Elevated CO2 has also been noted to significantly enhance other fungal properties.  In the study of Walker et al. (1998), an atmospheric CO2 concentration of 700 ppm increased the total number of ectomycorrhizal hyphae on ponderosa pine seedling roots by 85% relative to what was observed on roots of seedlings exposed to ambient air.  In the more complex study of Wiemken et al. (2001), the biomass of ectomycorrhizal fungi associated with roots of beech and spruce seedlings was about 118% greater at high soil nitrogen and elevated CO2 (560 ppm) than it was at low soil nitrogen and ambient CO2.

Finally, atmospheric CO2 enrichment also impacts certain fungal properties that can act to enhance soil stability.  In the previously mentioned study of Rillig et al. (2000), for example, it was reported that total soil glomalin - a protein secreted by fungal hyphae that increases soil aggregation and stability - increased nearly 5-fold along the natural 300-ppm CO2 gradient.  In addition, Rouhier and Reed (1998) noted that the mycorrhizal network constructed around roots of Scots pine seedlings grown at 700 ppm CO2 occupied 444% more soil area than that occupied by networks constructed around roots of seedlings exposed to ambient air.  Rouhier and Read (1999) documented the same phenomenon for mycorrhizal networks established around roots of CO2-enriched beech seedlings, albeit the response was much smaller in magnitude (30% increase).

In summary, as the air's CO2 content continues to rise, most of earth's woody species should respond by exhibiting enhanced rates of photosynthesis that will lead to the stimulation of belowground fungal development (increased fungal hyphal length and biomass) and activities (greater penetration of the soil, enhanced soil stability), leading ultimately to enhanced root uptake of important soil minerals and water.

References
Berntson, G.M. and Bazzaz, F.A.  1998.  Regenerating temperate forest mesocosms in elevated CO2: belowground growth and nitrogen cycling.  Oecologia 113: 115-125.

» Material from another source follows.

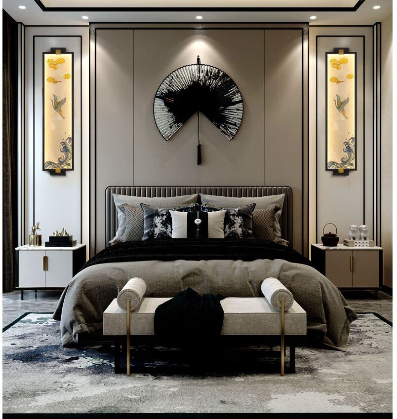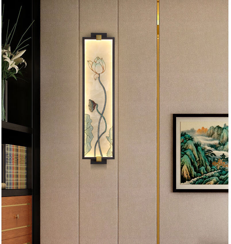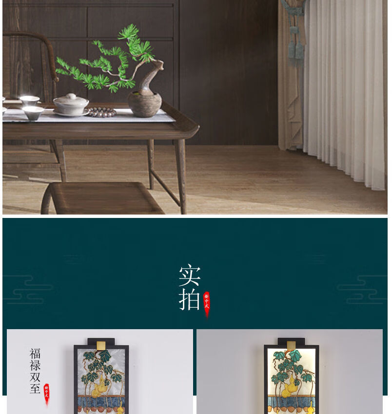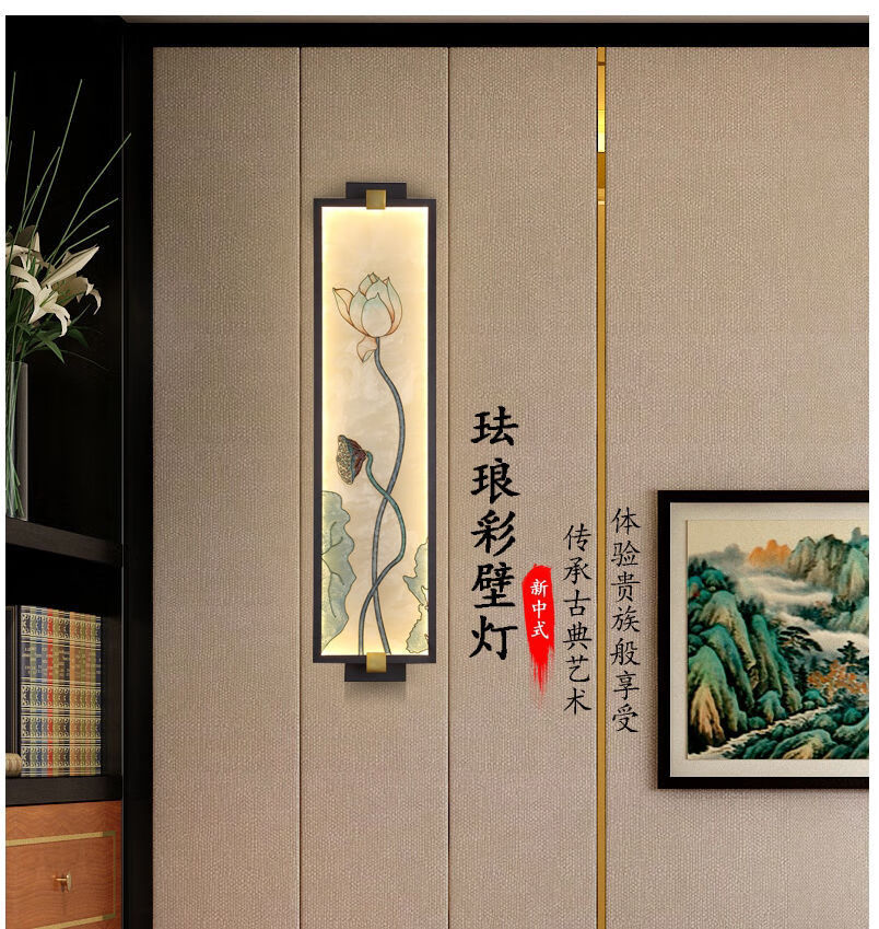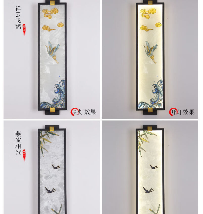 Yaotian's new enamel color new Chinese style wall lamp Chinese style bedroom living room TV background wall tea room Zen bedside wall lamp Xiangyun Feihe + three-color dimming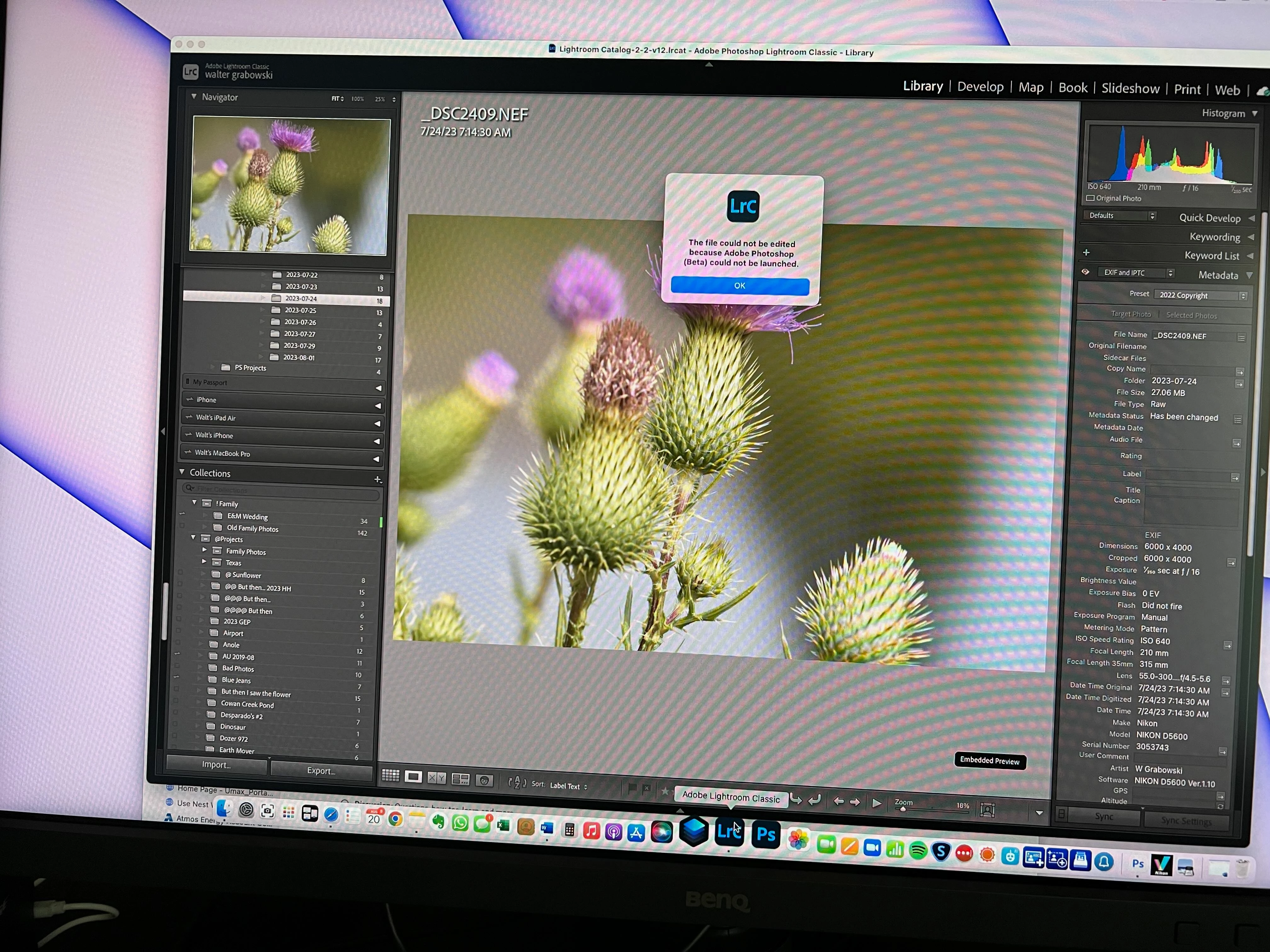 If I then select 'OK' in the error message the image immediately opens in Photoshop and I can work away.

Godbold, D.L., Berntson, G.M. and Bazzaz, F.A.  1997.  Growth and mycorrhizal colonization of three North American tress species under elevated atmospheric CO2.  New Phytologist 137: 433-440.

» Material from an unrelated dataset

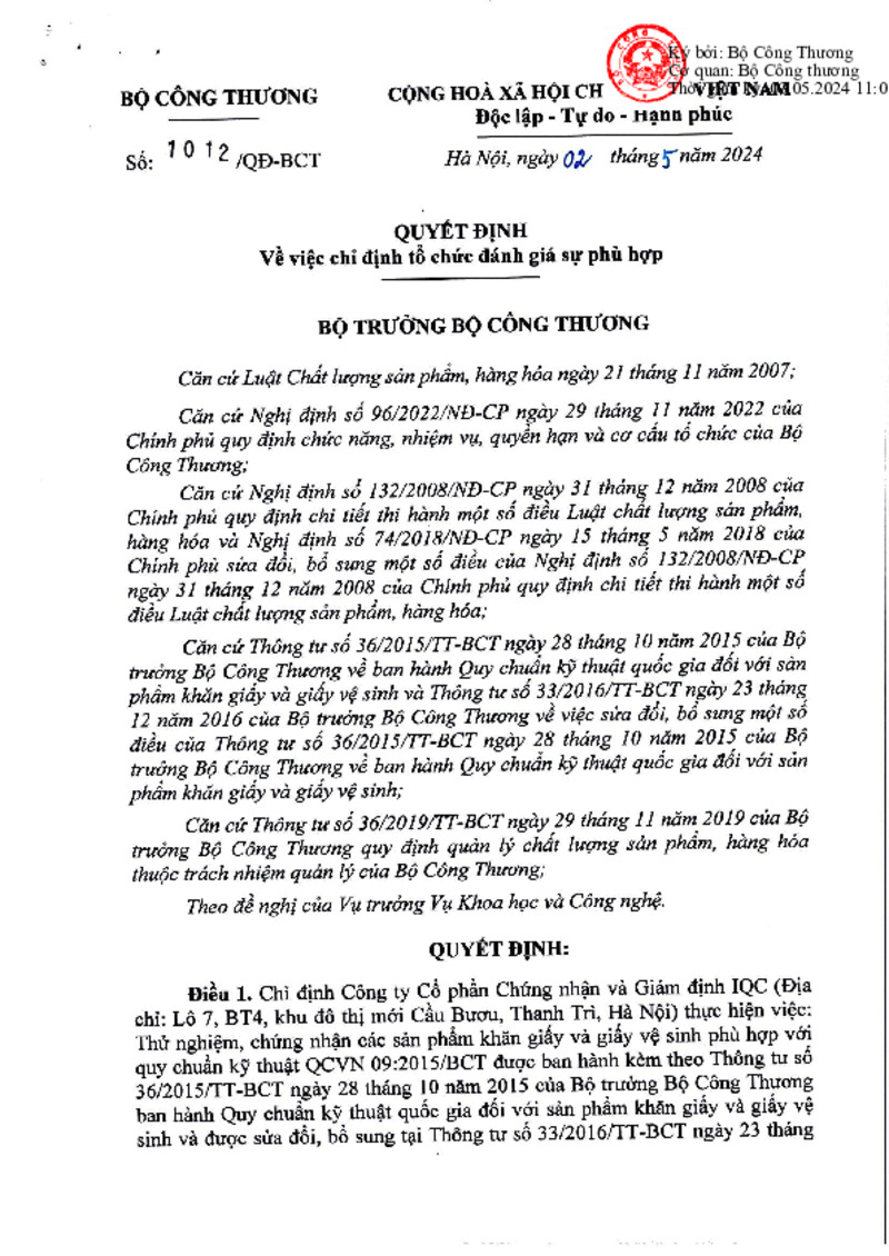 Số hiệu | 1012/QĐ-BCT | Cơ quan ban hành | |

Klironomos, J.N., Ursic, M., Rillig, M. and Allen, M.F.  1998.  Interspecific differences in the response of arbuscular mycorrhizal fungi to Artemisia tridentata grown under elevated atmospheric CO2.  New Phytologist 138: 599-605.

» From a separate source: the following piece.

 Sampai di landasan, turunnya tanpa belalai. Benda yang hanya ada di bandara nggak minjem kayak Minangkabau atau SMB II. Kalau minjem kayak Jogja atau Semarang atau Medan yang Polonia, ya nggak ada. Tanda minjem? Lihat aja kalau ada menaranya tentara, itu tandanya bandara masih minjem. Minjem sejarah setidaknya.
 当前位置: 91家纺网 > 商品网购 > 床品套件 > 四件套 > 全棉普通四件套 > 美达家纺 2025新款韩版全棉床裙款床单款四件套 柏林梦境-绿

Rillig, M.C. and Allen, M.F.  1998.  Arbuscular mycorrhizae of Gutierrezia sarothrae and elevated carbon dioxide: evidence for shifts in C allocation to and within the mycobiont.  Soil Biology and Biochemistry 30: 2001-2008.

Rillig, M.C., Hernandez, G.Y. and Newton, P.C.D.  2000.  Arbuscular mycorrhizae respond to elevated atmospheric CO2 after long-term exposure: evidence from a CO2 spring in New Zealand supports the resource balance model.  Ecology Letters 3: 475-478.

Rouhier, H. and Read, D.J.  1998.  Plant and fungal responses to elevated atmospheric carbon dioxide in mycorrhizal seedlings of Pinus sylvestris.  Environmental and Experimental Botany 40: 237-246.

Rouhier, H. and Read, D.  1999.  Plant and fungal responses to elevated atmospheric CO2 in mycorrhizal seedlings of Betula pendula.  Environmental and Experimental Botany 42: 231-241.

Rygiewicz, P.T., Martin, K.J. and Tuininga, A.R.  2000.  Morphotype community structure of ectomycorrhizas on Douglas fir (Pseudotsuga menziesii Mirb. Franco) seedlings grown under elevated atmospheric CO2 and temperature.  Oecologia 124: 299-308.

Staddon, P.L. and Fitter, A.H.  1998.  Does elevated atmospheric carbon dioxide affect arbuscular mycorrhizas?  Trends in Ecology and Evolution 13: 455-458.

Walker, R.F., Johnson, D.W., Geisinger, D.R. and Ball, J.T.  1998.  Growth and ectomycorrhizal colonization of ponderosa pine seedlings supplied different levels of atmospheric CO2 and soil N and P.  Forest Ecology and Management 109: 9-20.

Wiemken, V., Ineichen, K. and Boller, T.  2001.  Development of ectomycorrhizas in model beech-spruce ecosystems on siliceous and calcareous soil: a 4-year experiment with atmospheric CO2 enrichment and nitrogen fertilization.  Plant and Soil 234: 99-108.